If the model sounds familiar, that is partly by design. Webster openly compared PagBrasil’s Pix Roaming strategy to Ant Group’s cross-border Alipay Plus wallet network in Asia, which lets travelers spend with their home wallet in multiple countries. He recalled traveling in China before such services were available, when merchants often would not accept cash and card acceptance was limited.
“Having this solution is fantastic,” he said. “We believe that other regions of the world will have a similar situation in future, where digital payments are the only option, and foreigners also need to pay when they come to that country.”
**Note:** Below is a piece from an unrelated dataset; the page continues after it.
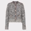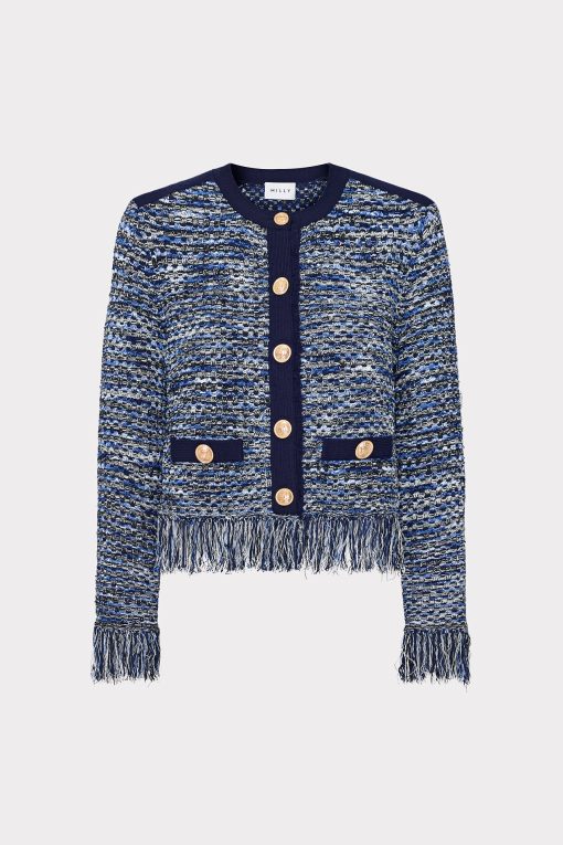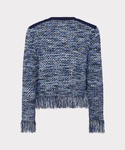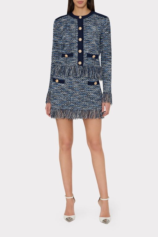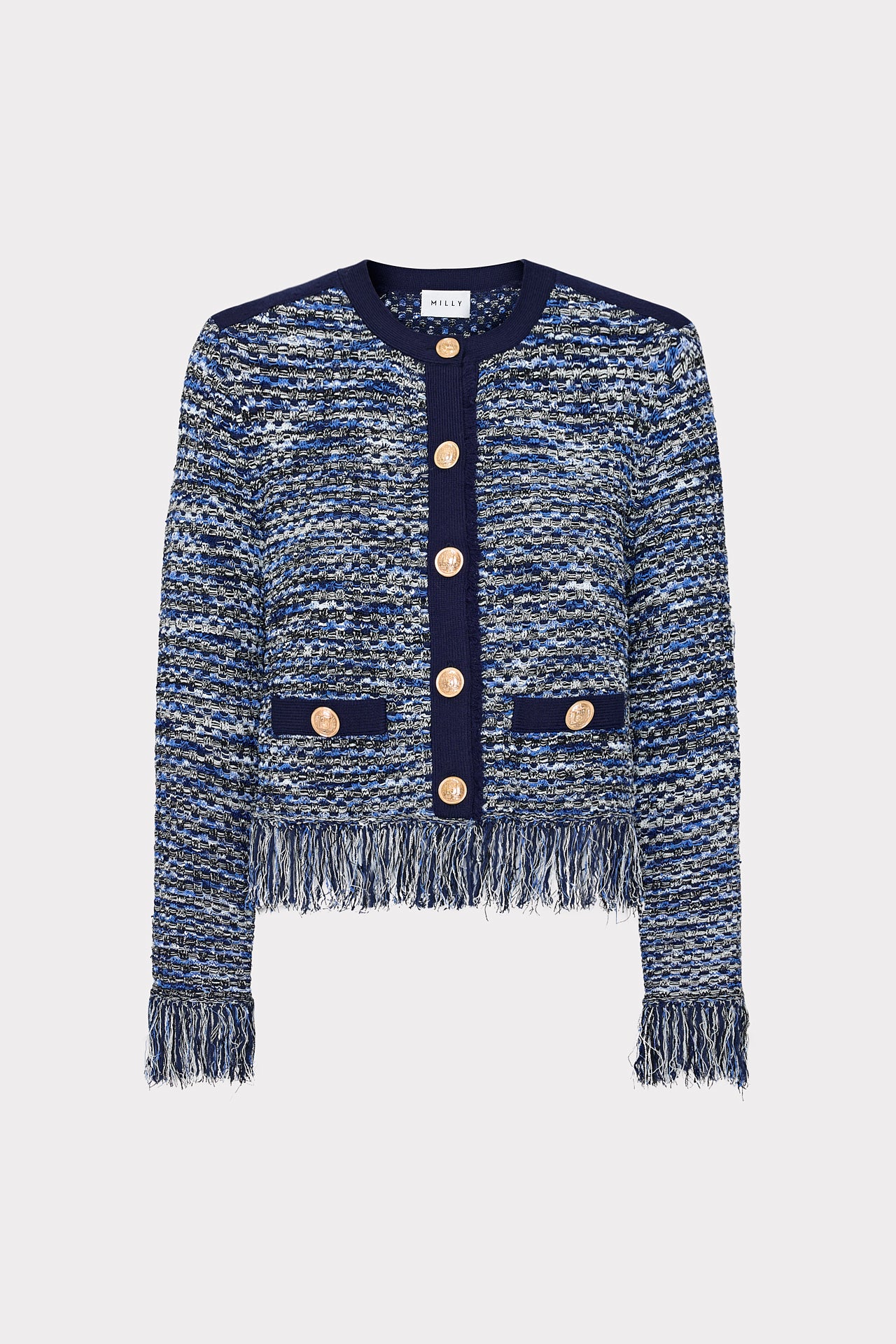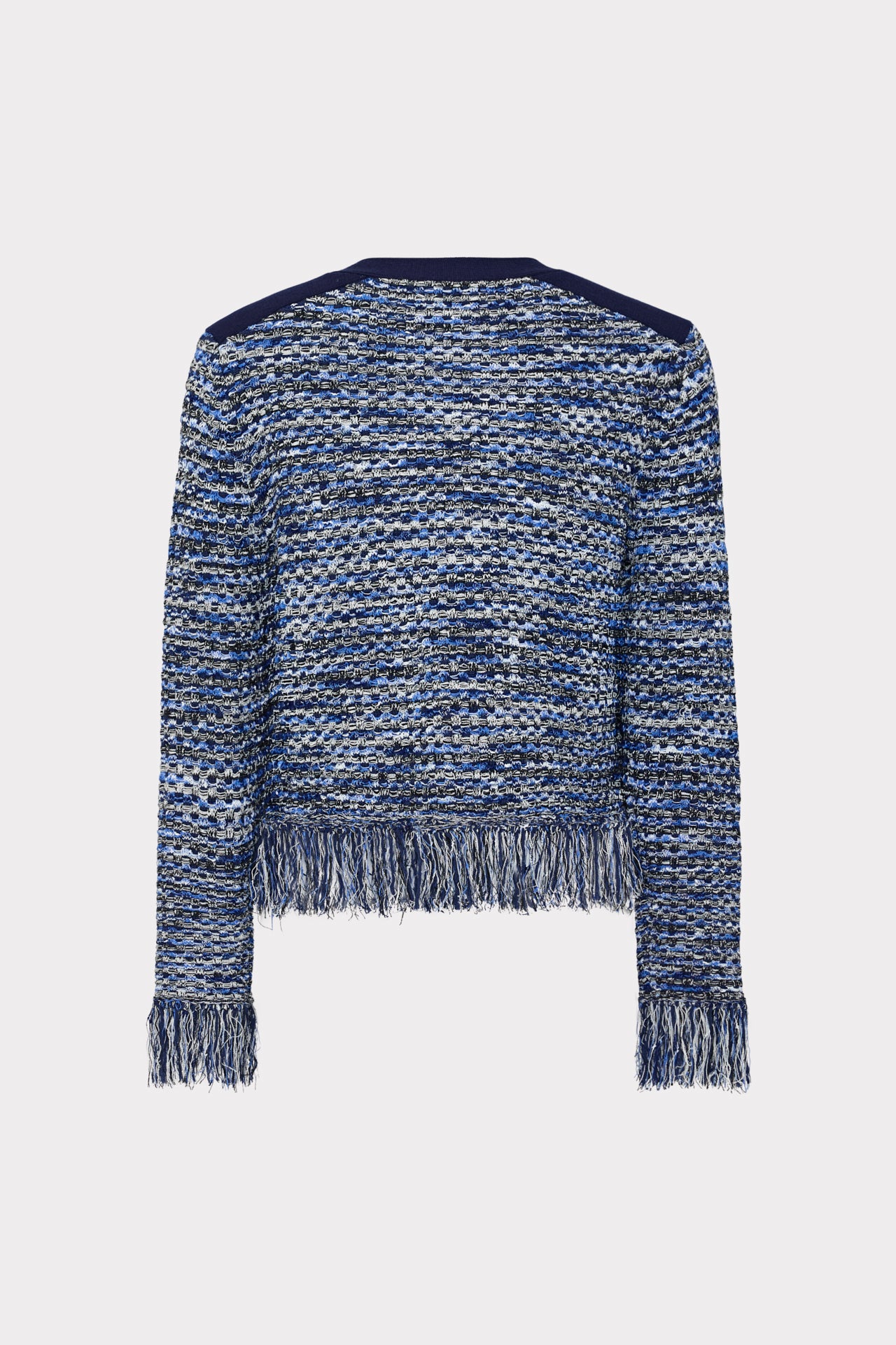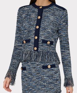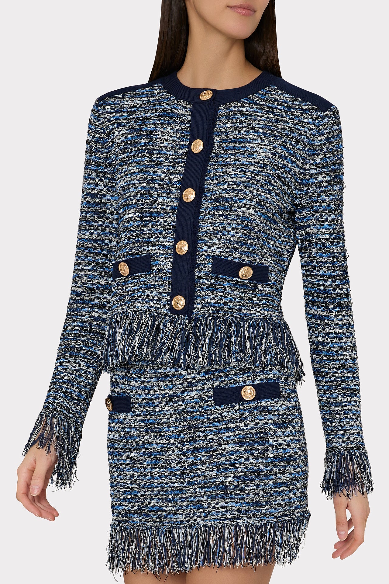 Our iconic cardigan jacket gets a new twist this season with fun, fringe detailing at the hemline. The intricate gold buttons can be fastened or worn undone. Wear it with its coordinating Kali Knit Mini Skirt or pair it with your favorite tailored trousers.

What PagBrasil is building with COELSA is, in his telling, an acceptance network for instant payments that mirrors the ubiquity of cards while solving for different constraints: cash dependence, high FX costs and the growing spread of local real-time payment systems.
“Under the hood it’s really complex,” Germer said, “but the user experience is fantastic because it’s extremely easy. It’s just opening an option on your phone, scanning the QR code, reading the amount in your currency, confirming, and you walk away.”